In 2020 the rules for qualifying for a Contributors State pension will change. It will be calculated on the number of PRSI contributions that have been paid rather than the present yearly average formula. The minimum will be 10 years to qualify for a pension and the maximum 30 years will give you a full pension. 
Under the present yearly average formula retiring early and not signing on for credits(which can only be done if you are unemployed and actively seeking work) will actually decrease the yearly average and ultimately the amount of pension you will receive....but you will receive a pension for the 30 years contributions you have made.

http://www.welfare.ie/EN/Schemes/Pension/Pages/statepensionchanges.aspx


----------



## andrzej (30 Apr 2015)

Hi everyone
Just quick question. Im bit confused on this stage now. I would appreciate if you could help me.out with this.
Im.working part time max 24hrs a week over 3days so im getting the jobsseekers allowance everytime im within 3days and max 24hrs in work.
Im just wondering if this payment is counted into my pension or how long do I need to be on that jobsseekers allowance.also the girl in social welfare told me to applyyfor fis as we have 7month old baby.but I will need to cancel my jobsseekers allowance.
My question to you is.is there any benefit for me to switch from jobsseekers allowance into fis?!
Any help will be greatly appreciated


----------



## gipimann (30 Apr 2015)

When you work, you pay PRSI contributions.
When you sign for jobseekers, you are given a PRSI contribution credit.

PRSI contributions (paid or credited) will be counted towards your pension (only one contribution per week can be counted, so it will either be the paid contribution or the credit).
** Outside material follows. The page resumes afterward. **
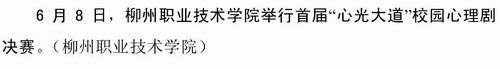 《广西教育信息》2011年第84期发布我院举行首届“心光大道”校园心理剧决赛的信息 来源:柳州职业技术学院新闻网 发布时间:2011-11-07 00:00:00 浏览次数: 次 【字体:小 大】 《广西教育信息》2011年第84期发布我院举行首届“心光大道”校园心理剧决赛的信息。(朱汝群) 《广西教育信息》发布我院信息的截图 分享到: 【打印正文】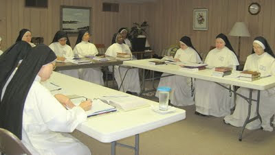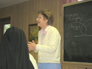 Sr. Mary of the Savior, O.P., from the Monastery of the Blessed Sacrament in Farmington Hills, MI is leading our seminar. This is a historic moment as it is the first time a Dominican nun has led a seminar for Dominican nuns at a study program in the United States!

It might have been suggested that you switch from jobseeker's allowance to FIS (family income supplement) because you would be entitled to more money on FIS.   If you qualify for FIS, it is paid each week and reviewed once each year.  You would not have to sign on each month if you are on FIS.  You must work a minimum of 19 hours per week to be eligible for FIS - if your work hours go below 19 regularly, you might not qualify.


----------



## andrzej (30 Apr 2015)

gipimann said:


> When you work, you pay PRSI contributions.
> When you sign for jobseekers, you are given a PRSI contribution credit.
> 
> PRSI contributions (paid or credited) will be counted towards your pension (only one contribution per week can be counted, so it will either be the paid contribution or the credit).
> ...


Thanks for you help gipiman. So I can get highpoteticly more money on FIS but none of the contribution is that correct? 
I wouldn't have to.ask in here about that.If the people in citizen office would be more friendly and answer my question in exactly same way as you did. 
I know it's sounds silly but im just not getting all this at aall. And The help that is provided to us is just useless.
Thank you again


----------